In the 1930s, Leonarde Keeler was hired to replace Marston at Universal Studios and he refined Marston’s research to work with police interrogation. Keeler’s polygraph was then awarded a patent and he was implemented by the FBI over Marston due to Marston being disgraced in the academic community, especially after his arrest.
So in Wonder Woman, Marston stakes his claim as the inventor of the lie detector again by having her magic lasso compel a villain to tell the truth.
6. "Marston, Lie Meter Inventor, Arrested."
In December 1922, a warrant was issued for Marston’s arrest on charges of using the mail to defraud as well as aiding the concealment of assets in the bankruptcy of his fabric company, United Dress Goods. He pled not guilty. Although the charges were eventually dropped in 1924, Marston’s reputation was permanently damaged with headlines during his arrest reading “Arrest Inventor of Lie Detector.”
7. Marston, the Lie Meter Inventor, lied to everyone.
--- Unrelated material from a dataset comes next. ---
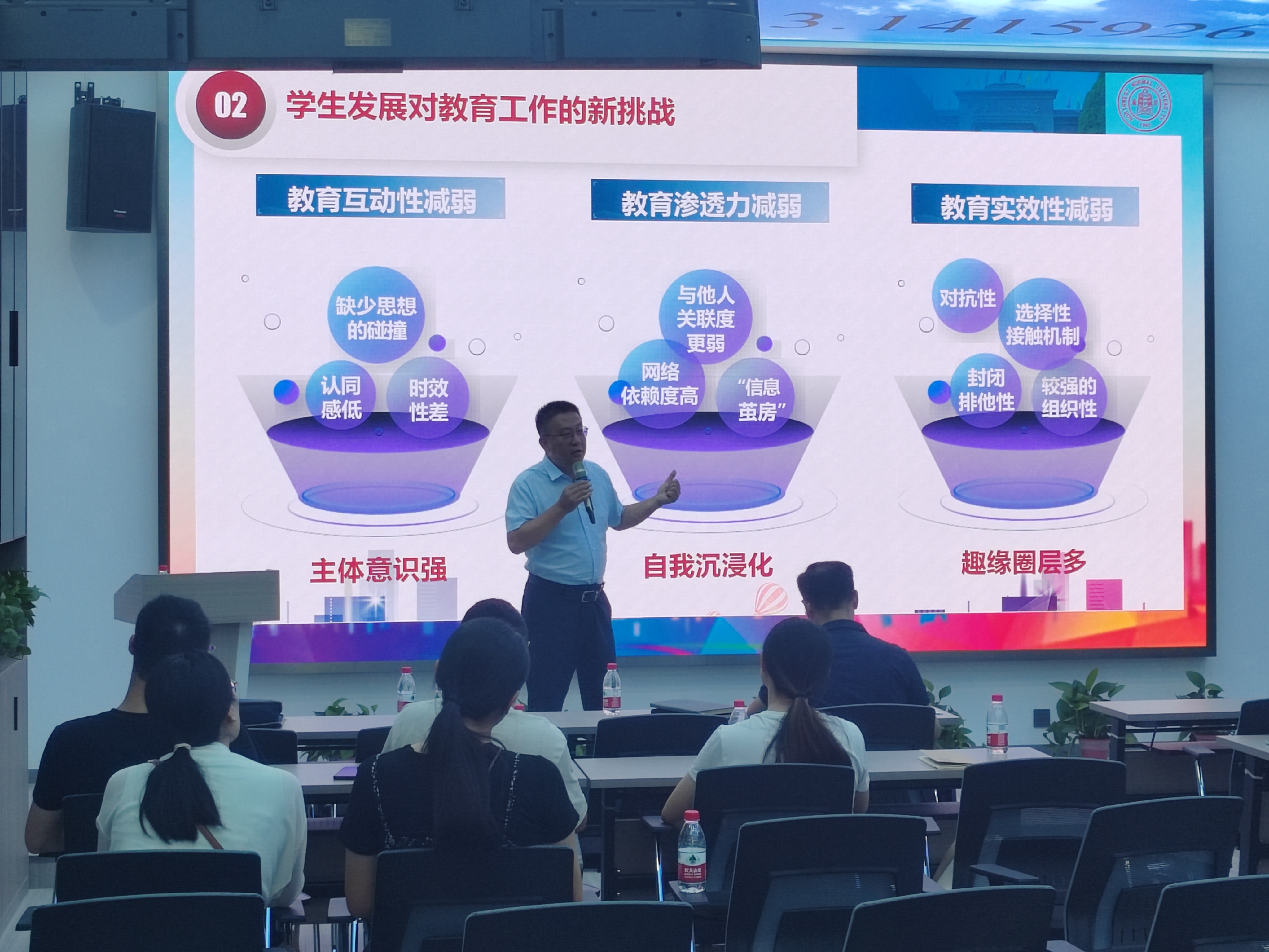 牛定炜副书记作了题为《高校一站式学生社区建设的理论与实践》讲座,他围绕当前高校面对外部环境和学生诉求类型多样等各种挑战下,分享了学校“一站式”学生社区在开展的党建和思政工作方面取得经验,就班主任如何做好大学生思想政治工作提出了很多实用意见和建议,对学院下一步精准对接学生需求,畅通学生意见和建议反馈渠道,做好学生教育管理服务工作具有很好的指导意义。

Ironically, for someone who invented the lie detector Marston’s life was full of deception. In addition to his relationship with his wife, Marston secretly engaged in a polyamorous relationship with his wife, Elizabeth, and Marjorie Wilkes Huntley, who he met while serving at an army camp and who later helped with the inking and lettering of Wonder Woman. Later on, this threesome was joined by a former student of Marston’s, Olive Byrne. As a sign of his commitment and fidelity to Olive, Marston gave her golden bracelets and they celebrated their anniversary on November 21, 1928. Similar to Olive’s bracelets, Wonder Woman wears golden cuffs that help her to control her emotions and protects her from bullets.
8. The Marston house was the original Full House.
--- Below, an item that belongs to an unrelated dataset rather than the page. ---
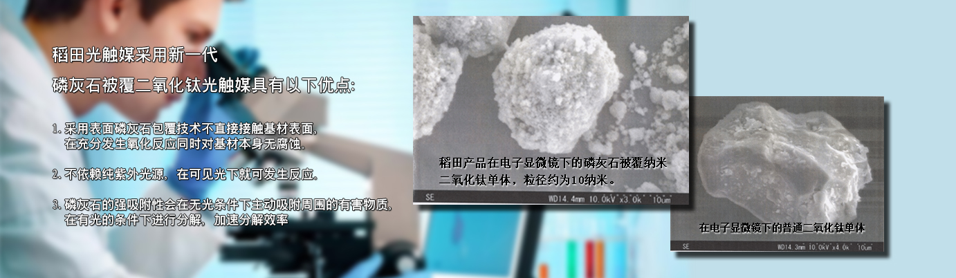在認識【光觸媒】之前,要先了解什么是【觸媒】。觸媒是日語,翻譯成中文叫催化劑。催化劑是能在化學反應中加速反應速率,而本身在反應前后并不發(fā)生變化的物質。光觸媒是一種以納米級二氧化鈦為代表的具有光催化功能的光半導體材料的總稱。它涂布于基材表面,在光線的作用下,產生強烈催化降解功能:能有效地降解空氣中有毒有害氣體;能有效殺滅多種細菌,并能將細菌或真菌釋放出的毒素分解及無害化處理;同時還具備除臭、抗污、凈化空氣等功能。 稻田光觸媒采用【磷灰石被覆納米二氧化鈦分子結構】,具有吸附、分解、去除、無毒化的特質。表面磷灰石包覆技術不直接接觸基材表面,在充分發(fā)生氧化反應的同時對基材本身無腐蝕。其中的【磷灰石】成分,具有強大的吸附能力,可以隨時吸附空氣中的異味源、細菌、病毒等有害物質,再交由【二氧化鈦】在光源下進行分解反應,因此能夠24小時吸附、分解

In addition to the two kids he had with his wife, Marston’s affair with Olive also brought two kids into the world. Marston, the three ladies and four kids all lived together in the same household. Talk about a full house!
9. Marston may have collapsed, but Wonder Woman has not.
In August 1944, Marston collapsed and was then later diagnosed with polio. No longer able to walk and in poor health, he persevered to keep working on his Wonder Woman comics during his last years. After having a mole removed, they discovered Marston had skin cancer which quickly spread. However, he was never told about the cancer for fear he would be depressed. Although Marston died of his cancer in May of 1947 and practically everyone working on Wonder Woman also left, Wonder Woman miraculously survived the end of WWII into peacetime, while many comics did not.
As you can see, Marston's life story is just as interesting as Wonder Woman. According to my history teacher, "Fact is always more interesting than fiction." So whether or not you are a super fan of Wonder Woman, I highly suggest reading "The Secret History of Wonder Woman" or at least going to see "Professor Marston and the Wonder Woman" in theaters now or later on DVD.